6. Do Right Woman, Do Right Man (Dan Penn) - favorite performance: Aretha Franklin, The Queen of Soul. This lyric says something that needs saying. I'm not sure why more lyrics don't.
7. It Never Entered My Mind (Rodgers/Hart) - favorite performance: Frank Sinatra, In the Wee Small Hours of the Morning. I like lyrics which capture moments of realization. The tone is exquisitely handled here as well.
8. Here, There, and Everywhere (Lennon/McCartney) - favorite performance: the Beatles, Revolver. It's very singeable - a pure melody which carries the mood. A little like Coconut Grove by John Sebastian in that respect.

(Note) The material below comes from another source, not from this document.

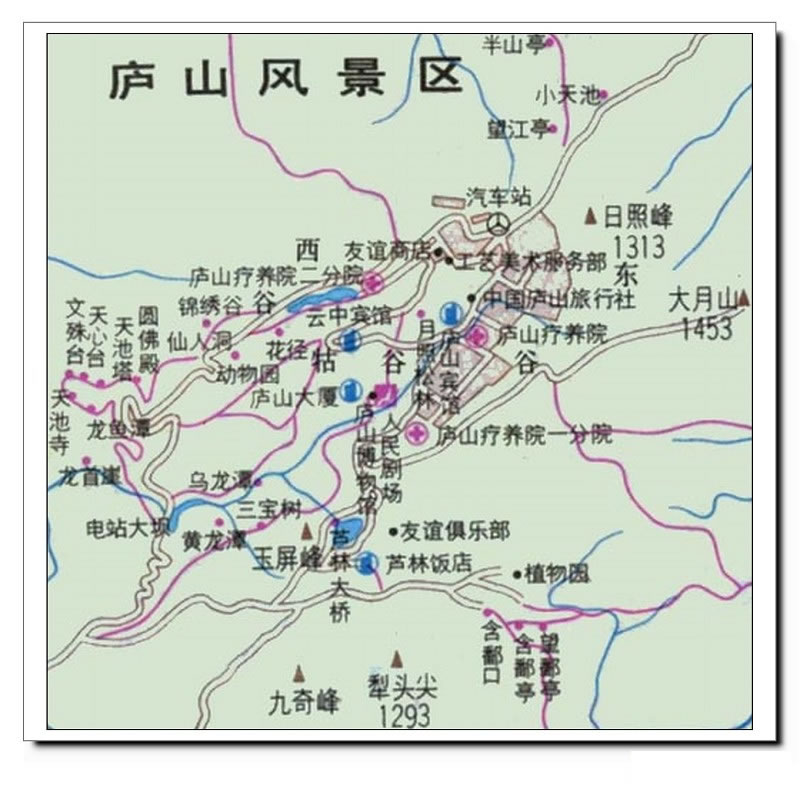 1 :北山公路-北山園門-小天池-望江亭-花徑-如琴湖-天橋-錦繡谷-仙人洞-大天池-蘆林湖-會(huì)址-東谷名人別墅-美廬-周恩來(lái)紀(jì)念室-牯嶺街

9. Morgengruss (Schubert) - favorite performance: Dietrich Fischer-Dieskau, Die Schoene Muellerin. I like singing this one. Schubert's melodies seem to have sprung from the ground, and the dramatic situation is expressed nicely in the middle.
10. Choosey Beggar (Smokey Robinson) - favorite performance: Smokey and the Miracles, Anthology. Poetry at eye level.
What to do about Chuck Berry, Ray Davies, Percy Mayfield, Boudleaux Bryant, Harold Arlen, and a host of others not represented here? Stay tuned: blues songs will be treated separately next.
My
Ten Favorite Trumpet Players
1. Louis Armstrong - incomparably better than anyone else, in every respect
2. Roy Eldridge - powerfully emotional; his mouthpiece made high notes easy but mid range and below almost impossible to play (I tried once)
3. Cootie Williams - my plunger mentor; stark power and eloquence
4. Ruby Braff - lyrical and ornate; uses the full range of the instrument
5. Shorty Baker - criminally undervalued; unique tone and taste
6. Clark Terry - inimitable technique and ebullience
7. Ray Nance - sounds easy to duplicate; go try it
8. Miles Davis - personal, vocal sound; I prefer the pre-fusion Miles
9. Bobby Hackett - small but sumptuous tone; a lyrical adaptation of Pops
10. a three-way tie among Buck Clayton, Sweets Edison, and Lips Page
If Bix, Bunny, Fats, and Clifford had lived, this list would look a little different; but not at the top.